Molecular characterization and meta-analysis of gut microbial communities illustrate enrichment of prevotella and megasphaera in Indian subjects
Bhute, Shrikant ; Pande, Pranav ; Shetty, Sudarshan A. ; Shelar, Rahul ; Mane, Sachin ; Kumbhare, Shreyas V. ; Gawali, Ashwini ; Makhani, Hemal ; Navandar, Mohit ; Dhotre, Dhiraj ; Lubree, Himangi ; Agarwal, Dhiraj ; Patil, Rutuja ; Ozarkar, Shantanu ; Ghaskadbi, Saroj ; Yajnik, Chittaranjan ; Juvekar, Sanjay ; Makharia, Govind K. ; Shouche, Yogesh S. - \ 2016
Frontiers in Microbiology 7 (2016)MAY. - ISSN 1664-302X
16S rRNA amplicon - Indian subjects - Prevotella and Megasphaera - QPCR
The gut microbiome has varied impact on the wellbeing of humans. It is influenced by different factors such as age, dietary habits, socio-economic status, geographic location, and genetic makeup of individuals.

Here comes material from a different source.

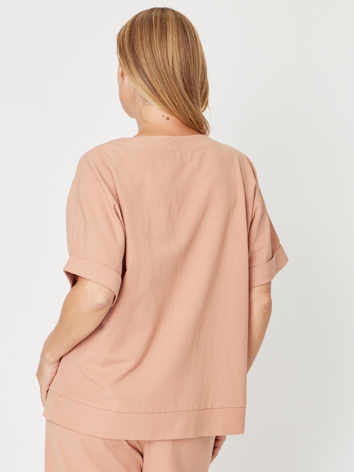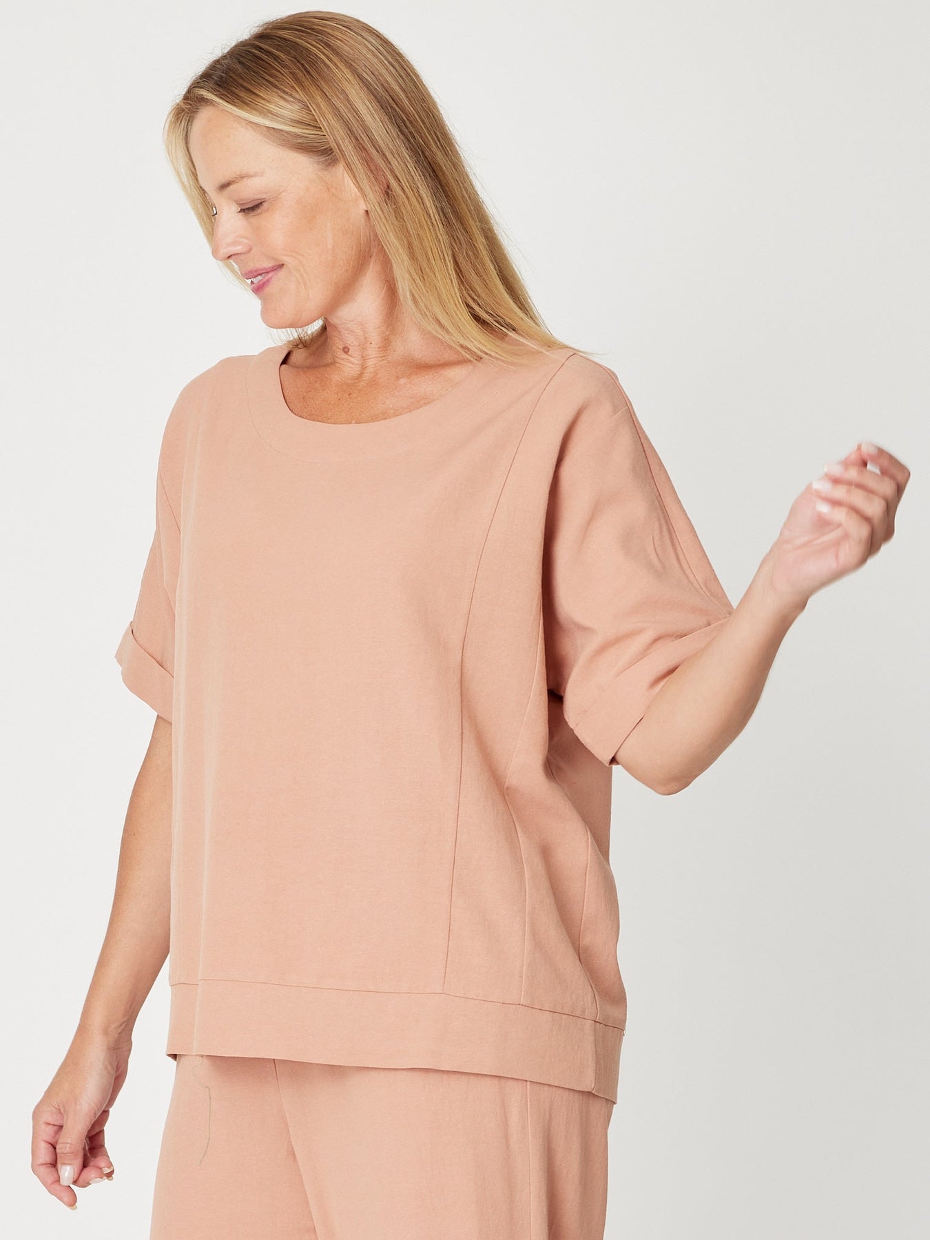 Experience effortless style with the Linen Shores Top in Apricot. Crafted from a breathable linen blend, this relaxed longer-line top features a flattering scoop neck and comfortable  extended short sleeves, perfect for warm days. Its airy fabric and easy fit make it an ideal choice for casual outings or layering, combining comfort and timeless elegance in one versatile piece.

For devising microbiome-based therapies, it is crucial to identify population specific features of the gut microbiome. Indian population is one of the most ethnically, culturally, and geographically diverse, but the gut microbiome features remain largely unknown. The present study describes gut microbial communities of healthy Indian subjects and compares it with the microbiota from other populations. Based on large differences in alpha diversity indices, abundance of 11 bacterial phyla and individual specific OTUs, we report inter-individual variations in gut microbial communities of these subjects. While the gut microbiome of Indians is different from that of Americans, it shared high similarity to individuals from the Indian subcontinent i.e., Bangladeshi. Distinctive feature of Indian gut microbiota is the predominance of genus Prevotella and Megasphaera. Further, when compared with other non-human primates, it appears that Indians share more OTUs with omnivorous mammals. Our metagenomic imputation indicates higher potential for glycan biosynthesis and xenobiotic metabolism in these subjects. Our study indicates urgent need of identification of population specific microbiome biomarkers of Indian subpopulations to have more holistic view of the Indian gut microbiome and its health implications.